La mostra dell’artista e scultore pop britannico Allen Jones con le opere iperrealiste di donne nude o in costumi fetish, che davano vita anche a sedie particolari – lo stesso stile di quelle scelte da Stanley Kubrick nel “Korova Milk Bar“ di Arancia Meccanica – aveva destato scalpore negli anni ’70 a Milano. A volerla era stata Carla Pellegrini Rocca, nella sua Galleria Milano di via Manin-Turati. "Ma quella mostra fu chiusa, ritenuta poco decorosa, non rispettosa del buon costume. E Carla la portò a Basilea. Era avanguardia. Oggi, quelle opere d’arte non farebbero certo scandalo", riflette Giovanni Oberti, artista, che guida i visitatori nella “Fondazione Galleria Milano“ trasferita in via Romilli 7, al Corvetto, nel 2022. La gallerista Carla Pellegrini Rocca, che ha diretto questa realtà dal 1965 al 2019, fino alla morte, ha compiuto scelte coraggiose e lungimiranti, la prima ad esporre in Italia la Pop Art inglese, l’Azionismo viennese, il gruppo Gutai giapponese, artisti tedeschi allora emergenti e statunitensi.

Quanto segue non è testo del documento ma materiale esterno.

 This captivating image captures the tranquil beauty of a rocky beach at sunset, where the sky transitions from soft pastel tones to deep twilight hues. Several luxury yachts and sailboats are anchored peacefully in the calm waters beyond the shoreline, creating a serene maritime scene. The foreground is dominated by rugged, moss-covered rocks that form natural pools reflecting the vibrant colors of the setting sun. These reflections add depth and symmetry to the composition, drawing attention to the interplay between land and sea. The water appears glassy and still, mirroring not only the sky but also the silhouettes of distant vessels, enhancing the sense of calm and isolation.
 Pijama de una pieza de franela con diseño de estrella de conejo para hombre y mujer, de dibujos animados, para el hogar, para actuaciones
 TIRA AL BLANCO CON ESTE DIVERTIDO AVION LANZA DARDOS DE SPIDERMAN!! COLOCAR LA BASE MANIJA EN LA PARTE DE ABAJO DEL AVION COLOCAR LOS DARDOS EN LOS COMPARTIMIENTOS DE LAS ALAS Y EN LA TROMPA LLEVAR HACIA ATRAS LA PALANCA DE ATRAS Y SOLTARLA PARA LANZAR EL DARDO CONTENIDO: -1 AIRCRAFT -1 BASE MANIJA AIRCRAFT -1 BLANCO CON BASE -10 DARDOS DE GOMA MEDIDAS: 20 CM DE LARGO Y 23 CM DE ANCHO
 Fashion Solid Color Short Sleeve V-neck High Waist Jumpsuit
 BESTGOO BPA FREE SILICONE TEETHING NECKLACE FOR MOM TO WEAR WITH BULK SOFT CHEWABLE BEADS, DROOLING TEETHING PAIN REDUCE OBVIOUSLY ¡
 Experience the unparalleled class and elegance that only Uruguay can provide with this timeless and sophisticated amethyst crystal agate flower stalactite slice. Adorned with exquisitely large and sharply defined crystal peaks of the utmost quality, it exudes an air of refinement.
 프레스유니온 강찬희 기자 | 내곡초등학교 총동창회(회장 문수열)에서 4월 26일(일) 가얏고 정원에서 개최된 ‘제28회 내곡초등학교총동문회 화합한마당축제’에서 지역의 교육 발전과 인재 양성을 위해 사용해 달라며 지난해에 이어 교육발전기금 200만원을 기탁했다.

Oggi si continua, in via Arcivescovo Romilli dove lo scorso 18 marzo è stata inaugurata la mostra d’apertura: “Piazza senza nome“, visibile fino al 8 giugno, dedicata a un progetto nato dal dialogo tra l’architetto-artista russo Alexander Brodsky e il figlio Sasha Brodsky, artista visivo, stampatore e musicista che vive e lavora a Brooklyn, a New York. "Lo spazio espositivo della Fondazione Galleria Milano ospita una grande installazione in terra cruda – la spiegazione – alla quale il visitatore può accedere solo attraverso le finestre presenti sulle pareti dell’installazione stessa. Questa l’ambientazione: in uno scenario urbano, in una grande piazza anonima, si stagliano uno in fila all’altro tre alti obelischi. Intorno, una folla di persone fa riflettere sulla solitudine all’interno di un contesto collettivo solo all’apparenza, perché non fa altro che disvelare il solipsismo dell’individuo".
Per realizzare quello che all’apparenza sembra “un semplice parallelepipedo“, con in realtà un mondo al suo interno, sono intervenuti tanti familiari degli artisti, da più città del mondo. A completare l’opera: disegni e incisioni lungo le pareti, che dialogano con l’installazione stessa. E in questo “gioco di scatole cinesi“ partecipa anche la Fondazione, le cui ampie finestre invitano subito lo spettatore a guardare all’interno, e che a sua volta si trova all’interno di un classico cortile milanese, che dialoga con il quartiere e la città in cui si trova, in un momento di forte cambiamento ed espansione.
M.V.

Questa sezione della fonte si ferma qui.